(Input data):
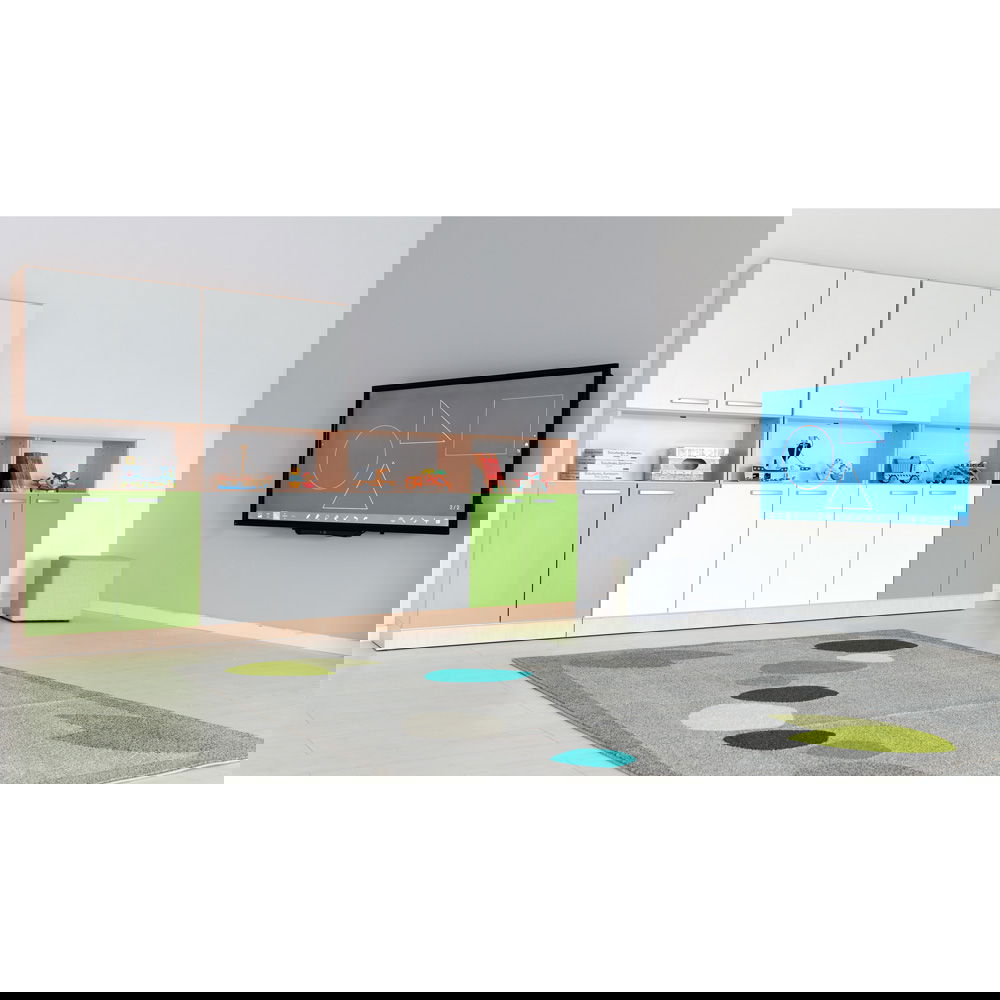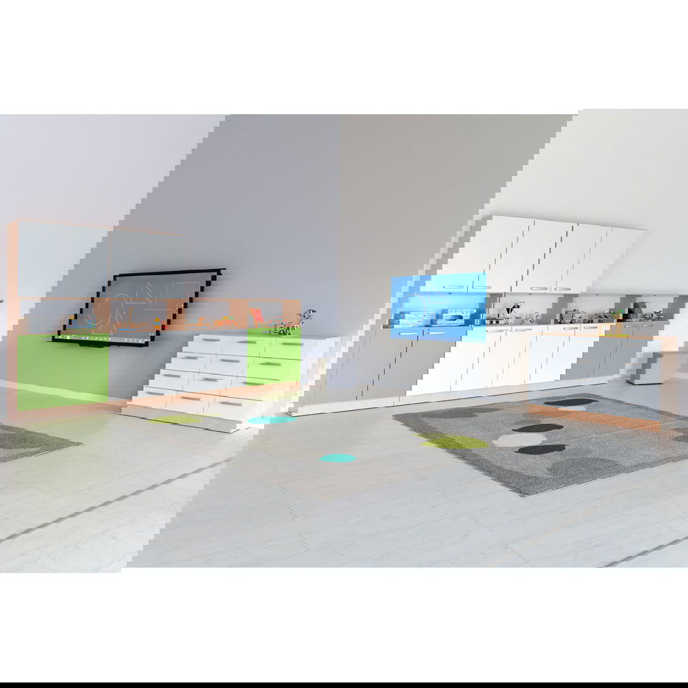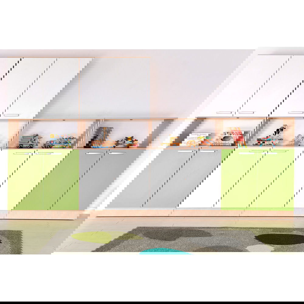 Die Stärke dieses Systems liegt in seiner durchdachten, symmetrischen Architektur, die durch den Einsatz von Türen in Weiß und Grün eine frische, freundliche Atmosphäre schafft. Durch das Spiel mit unterschiedlich hohen Schränken entsteht eine dynamische Silhouette, die bis auf eine Höhe von fast 1,90 Metern reicht und somit den vertikalen Raum optimal ausnutzt. Alle Fächer sind hinter Türen verborgen, was für eine besonders ruhige und aufgeräumte Optik sorgt. Mit seiner platzsparenden Tiefe von nur 38 cm (T 38 Serie) ist dieser Möbelsatz ideal, um auch in schmaleren Räumen oder Fluren maximalen Stauraum zu schaffen, ohne die Bewegungsfreiheit einzuschränken.
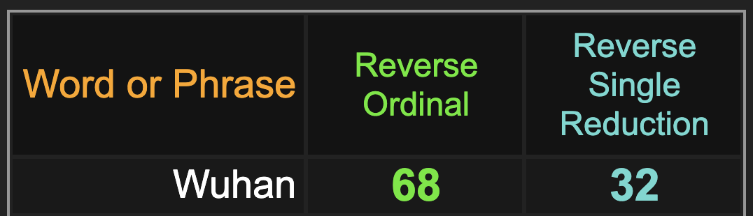 3/25/2020 = 3+25+20+20 = 68
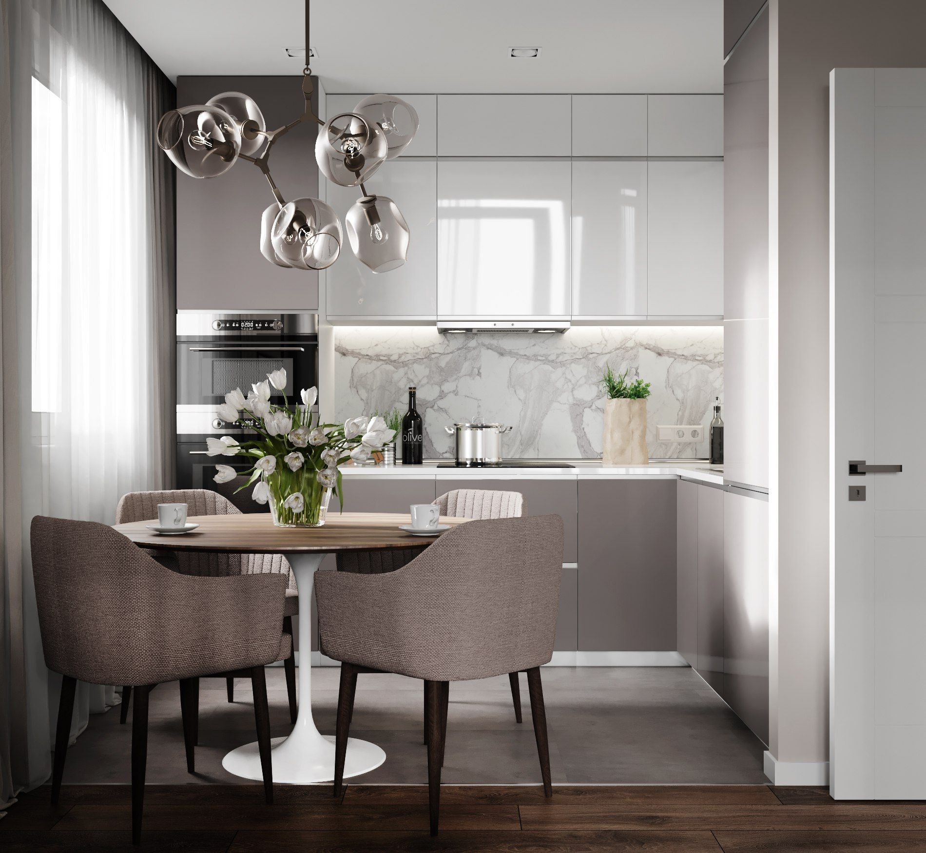 Кухня в серо пудровых тонах
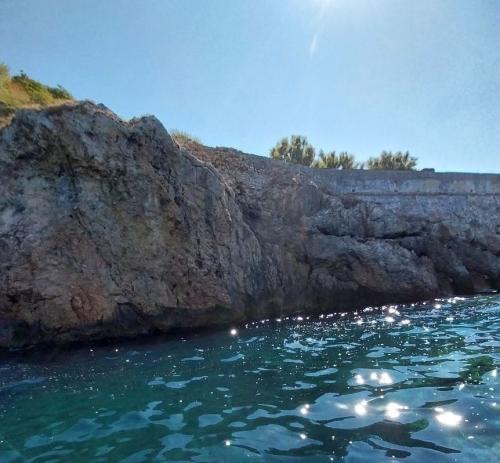 È proprio qui che dal livello dell’ acqua si trova l’imbocco basso di quell’ apertura che risale all’ interno del corridoio al piano di sopra, chiamata la “Porta di Nettuno”. La denominazione non è casuale: quando il mare è agitato, il cunicolo diventa una camera di compressione naturale. Le onde, incanalandosi con violenza, creano un effetto pistone che spinge tonnellate d’acqua a una velocità impressionante. Allora si odono boati sordi, simili a esplosioni soffocate, e improvvisi getti di schiuma bianca esplodono dentro la galleria superiore nord, quella orientata verso lo Scoglietto.
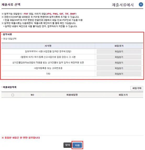 제출서류를 첨부하신 후 다음을 클릭해주세요.
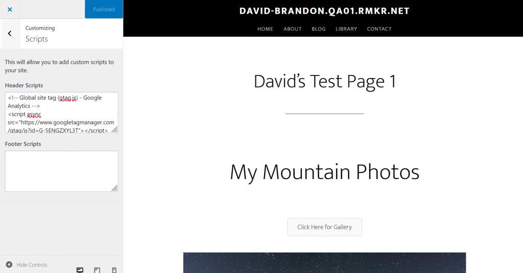 Add your Google tag in the “Header Scripts” field like in the example above. Publish your changes by clicking the blue “Publish” button.
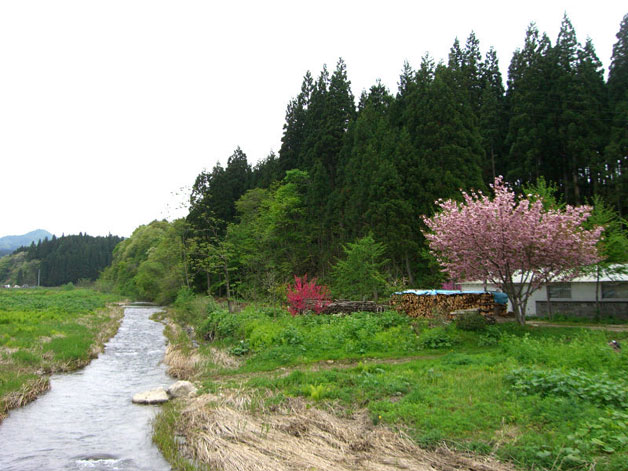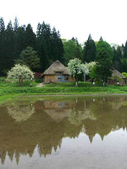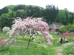 そんな宝物を探しに、5月19日、スギダラ秋田支部営業部長の明杉さんと一緒に、県北部にある八峰町の手這坂茅葺き民家集落を訪れました。ちょうど桃の花が満開!あたりは甘い香りが漂い、川のせせらぎとウグイスやカッコウの「本物」の自然のBGMまで聞こえてきます。江戸時代の三河の紀行家、菅江真澄がこの地を訪れ「桃の花が咲き誇り、まるで桃源郷のようだ」とその眺めを讃えたのもうなずけます。
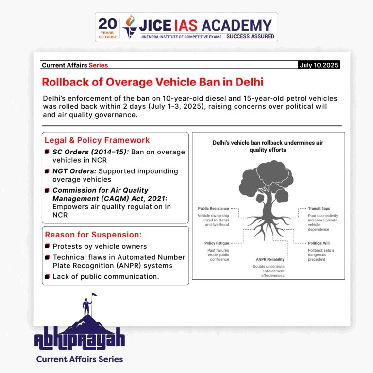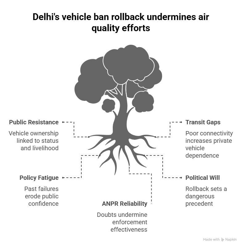Delhi’s attempt to enforce a decade-old ban on overage vehicles was rolled back within two days due to public protests, raising concerns over political will and environmental governance.
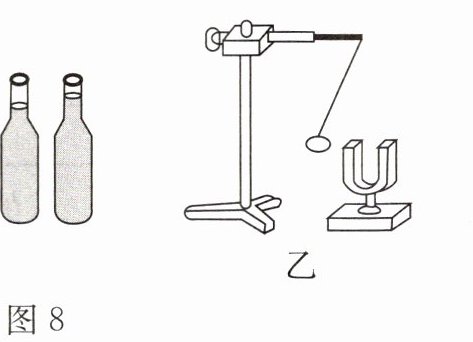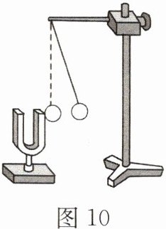 18. 如图 10 所示。用悬挂着的乒乓球接触正在发声的音叉,乒乓球会多次被弹开,由此可以得出的结论是:物体
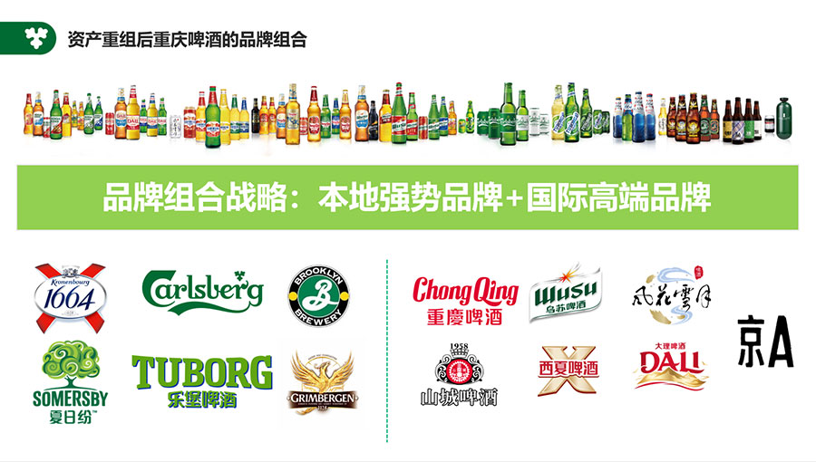 同時,重啤股份也擁有了更為強(qiáng)大的“本地強(qiáng)勢品牌+國際高端品牌”的品牌組合。國際高端品牌方面有嘉士伯、樂堡、凱旋1664、格林堡、布魯克林等,本地強(qiáng)勢品牌方面有重慶、山城、烏蘇、西夏、大理、風(fēng)花雪月、天目湖等,滿足消費(fèi)者在不同場景的消費(fèi)需求,成為重啤股份的核心競爭力之一。

(What you are asked to do): Repeat all entries exactly, pictures excluded.

(The completed task):
 Die Stärke dieses Systems liegt in seiner durchdachten, symmetrischen Architektur, die durch den Einsatz von Türen in Weiß und Grün eine frische, freundliche Atmosphäre schafft. Durch das Spiel mit unterschiedlich hohen Schränken entsteht eine dynamische Silhouette, die bis auf eine Höhe von fast 1,90 Metern reicht und somit den vertikalen Raum optimal ausnutzt. Alle Fächer sind hinter Türen verborgen, was für eine besonders ruhige und aufgeräumte Optik sorgt. Mit seiner platzsparenden Tiefe von nur 38 cm (T 38 Serie) ist dieser Möbelsatz ideal, um auch in schmaleren Räumen oder Fluren maximalen Stauraum zu schaffen, ohne die Bewegungsfreiheit einzuschränken.
 3/25/2020 = 3+25+20+20 = 68
 Кухня в серо пудровых тонах
 È proprio qui che dal livello dell’ acqua si trova l’imbocco basso di quell’ apertura che risale all’ interno del corridoio al piano di sopra, chiamata la “Porta di Nettuno”. La denominazione non è casuale: quando il mare è agitato, il cunicolo diventa una camera di compressione naturale. Le onde, incanalandosi con violenza, creano un effetto pistone che spinge tonnellate d’acqua a una velocità impressionante. Allora si odono boati sordi, simili a esplosioni soffocate, e improvvisi getti di schiuma bianca esplodono dentro la galleria superiore nord, quella orientata verso lo Scoglietto.
 제출서류를 첨부하신 후 다음을 클릭해주세요.
 Add your Google tag in the “Header Scripts” field like in the example above. Publish your changes by clicking the blue “Publish” button.
 そんな宝物を探しに、5月19日、スギダラ秋田支部営業部長の明杉さんと一緒に、県北部にある八峰町の手這坂茅葺き民家集落を訪れました。ちょうど桃の花が満開!あたりは甘い香りが漂い、川のせせらぎとウグイスやカッコウの「本物」の自然のBGMまで聞こえてきます。江戸時代の三河の紀行家、菅江真澄がこの地を訪れ「桃の花が咲き誇り、まるで桃源郷のようだ」とその眺めを讃えたのもうなずけます。
Delhi’s attempt to enforce a decade-old ban on overage vehicles was rolled back within two days due to public protests, raising concerns over political will and environmental governance.
 18. 如图 10 所示。用悬挂着的乒乓球接触正在发声的音叉,乒乓球会多次被弹开,由此可以得出的结论是:物体
 同時,重啤股份也擁有了更為強(qiáng)大的“本地強(qiáng)勢品牌+國際高端品牌”的品牌組合。國際高端品牌方面有嘉士伯、樂堡、凱旋1664、格林堡、布魯克林等,本地強(qiáng)勢品牌方面有重慶、山城、烏蘇、西夏、大理、風(fēng)花雪月、天目湖等,滿足消費(fèi)者在不同場景的消費(fèi)需求,成為重啤股份的核心競爭力之一。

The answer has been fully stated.